The above graph shows the growth in audiences over the 4 years of the study (superimposed). The trend for the 2003 series started from a base of 100 on Monday 30 December 2002. For the other series, the starting value is the value reached at the end of the previous series. The graph allows us to pinpoint any fallback in audience at a particular time of the year compared to previous years (overlapping curves)


Is the seasonal phenomenon the same size every year?

From the graph below, we can see that, in 2006, the January peak is less pronounced than in the two previous years and that the growth in audience from June 2006 is still proportionally lower overall than the growth shown for the same months in the 3 previous years, apart from August 2003 (a month of heat wave), which shows the most pronounced fallback for an August in the last 4 years. The December 2006 trough is significant compared to December 2005 in particular.

The graph below shows the growth in audiences over the 4 years of the study in comparison with each other: the 4 series start from a base of 100 on the 1st Monday before 1st January each year. The graph allows us to compare the effects of seasonal peaks and troughs between the 4 years.


How will Website activity develop over 2007? Is this trend towards a slowdown in growth temporary, or will it become more noticeable?

Join us shortly on XiTi Monitor for our first audience forecasts up to June 2007.

Methodology :

The indicator used for this study – measuring the number of visits recorded by a constant group of sites – shows the growth in Website activity.

In the absence of official data concerning the number and composition of existing Websites, it is not possible to present an indicator that reflects growth in total Web consumption by Internet users. We have therefore chosen to work on a constant range of sites.

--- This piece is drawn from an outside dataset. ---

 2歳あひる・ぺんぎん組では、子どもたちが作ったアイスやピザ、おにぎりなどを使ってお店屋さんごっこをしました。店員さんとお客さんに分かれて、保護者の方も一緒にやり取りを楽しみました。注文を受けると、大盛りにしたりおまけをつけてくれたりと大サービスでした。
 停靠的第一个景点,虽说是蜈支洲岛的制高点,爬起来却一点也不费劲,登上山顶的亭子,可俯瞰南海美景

We have chosen to monitor audience growth in visits to a constant range of sites, to which we successively apply the actual daily growth rates calculated for all the sites audited by XiTi. Growth rates are those for the XiTi range, which are constantly corrected in terms of site withdrawals and additions.

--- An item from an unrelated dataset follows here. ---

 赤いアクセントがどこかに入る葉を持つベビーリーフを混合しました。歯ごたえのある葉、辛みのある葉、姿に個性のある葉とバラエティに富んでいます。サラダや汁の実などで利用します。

We have changed the analysis start-out base compared to our previous audience studies (month of January instead of the 1st week in January), so the growth rate cannot be directly compared. Every year, week numbers are subject to a shift in the calendar, which is not the case with monthly analysis.

We use two moving averages in this study. Their role is to smooth out a series of data and reflect a general trend. For measurement in time t, the moving averages used require series measurement in time t, along with before and after measurements. For Graph 1, the data series is monthly and the moving average over 13 terms measures an annual trend. To measure the moving average at month m, we need months m + 1 to m + 6, which explains the absence of a moving average at the end of the series.

Similarly, in Graphs 2 and 3, the data series is daily and the moving average over 7 terms measures a weekly trend. To measure the moving average at day d, we need days d + 1 to d + 3. The moving average for the last three days of the period is therefore not provided.